Generative Modeling of NAND Flash Memory Voltage Level
Ziwei Liu (Center of Memory and Recording Research, UC San Diego);
Yi Liu (Center of Memory and Recording Research, UC San Diego);
Paul H. Siegel (Center of Memory and Recording Research, UC San Diego);
Generative Modeling of NAND Flash Memory Voltage Level
Ziwei Liu (Center of Memory and Recording Research, UC San Diego); Yi Liu (Center of Memory and Recording Research, UC San Diego); Paul H. Siegel (Center of Memory and Recording Research, UC San Diego);
Speaker: Ziwei Liu, Center of Memory and Recording Research, UC San Diego
Abstract Program and erase cycling (P/E cycling) data is used to characterize flash memory channels and support realistic performance simulation of error-correcting codes (ECCs).
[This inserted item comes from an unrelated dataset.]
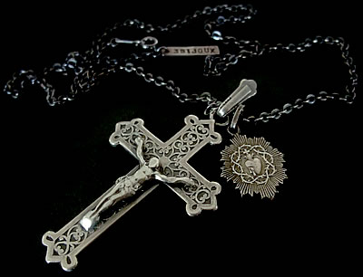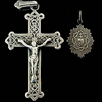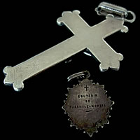 1900年代前半に製作された大変ボリュームがありながらも繊細な彫刻が素敵なアンティーククロスとアンティークメダイの2点セットです。
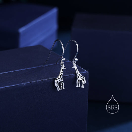 Giraffe Drop Hook Earrings in Sterling Silver, Silver or Gold or Rose Gold, Giraffe Dangle Earrings, Giraffe Drop Earrings

However, these applications require a massive amount of data, and collecting the data takes a lot of time. To generate a large amount of NAND flash memory read voltages using a relatively small amount of measured data, we propose a read voltage generator based on Time-Dependent Generative Moments Matching Network (TD-GMMN). This model can generate authentic read voltage distributions over a range of possible P/E cycles for a specified program level based on known read voltage distributions. Experimental results based on data generated by a mathematical MLC NAND flash memory read voltage generator demonstrate the model’s effectiveness.